**Task objective**
Copy, word for word, the lines of the listing below from the line with "under CC BY 4.0" up to and including the line with "The heterocyclic derivatives". Drop the pictures.

**Source material**
········

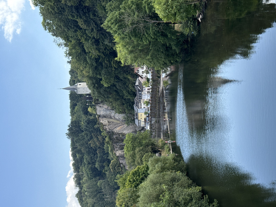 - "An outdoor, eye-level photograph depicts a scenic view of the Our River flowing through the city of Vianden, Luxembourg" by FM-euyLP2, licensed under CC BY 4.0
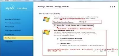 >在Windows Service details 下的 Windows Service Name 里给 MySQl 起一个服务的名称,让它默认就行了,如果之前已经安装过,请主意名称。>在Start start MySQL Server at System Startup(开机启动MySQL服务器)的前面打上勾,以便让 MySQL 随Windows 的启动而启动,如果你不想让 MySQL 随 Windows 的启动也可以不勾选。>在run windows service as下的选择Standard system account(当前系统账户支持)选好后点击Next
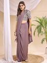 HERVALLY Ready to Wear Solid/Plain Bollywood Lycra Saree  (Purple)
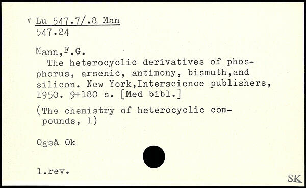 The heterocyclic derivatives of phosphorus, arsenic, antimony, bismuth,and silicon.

········

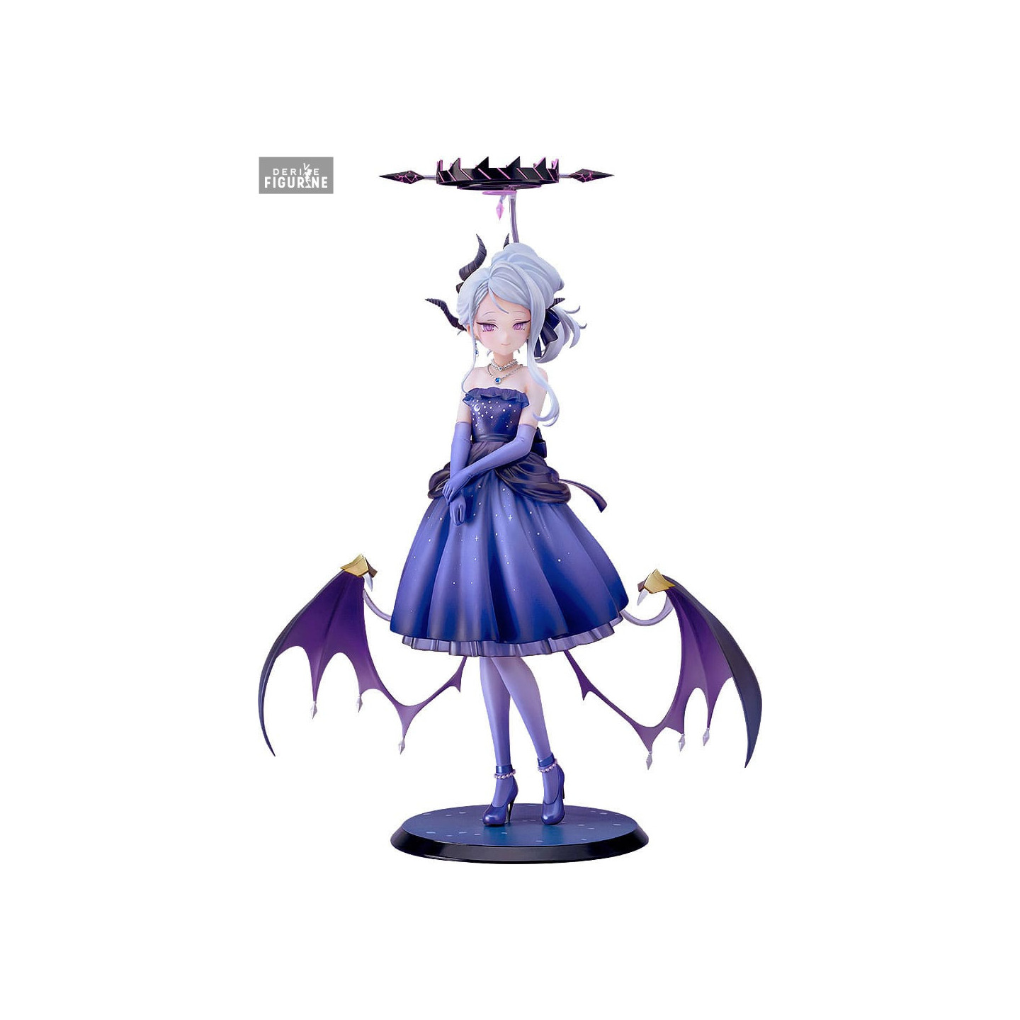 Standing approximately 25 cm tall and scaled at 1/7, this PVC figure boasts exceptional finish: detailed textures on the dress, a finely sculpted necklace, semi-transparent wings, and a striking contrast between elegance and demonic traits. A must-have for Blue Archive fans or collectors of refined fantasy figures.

········

**Solution**
 - "An outdoor, eye-level photograph depicts a scenic view of the Our River flowing through the city of Vianden, Luxembourg" by FM-euyLP2, licensed under CC BY 4.0
 >在Windows Service details 下的 Windows Service Name 里给 MySQl 起一个服务的名称,让它默认就行了,如果之前已经安装过,请主意名称。>在Start start MySQL Server at System Startup(开机启动MySQL服务器)的前面打上勾,以便让 MySQL 随Windows 的启动而启动,如果你不想让 MySQL 随 Windows 的启动也可以不勾选。>在run windows service as下的选择Standard system account(当前系统账户支持)选好后点击Next
 HERVALLY Ready to Wear Solid/Plain Bollywood Lycra Saree  (Purple)
 The heterocyclic derivatives of phosphorus, arsenic, antimony, bismuth,and silicon.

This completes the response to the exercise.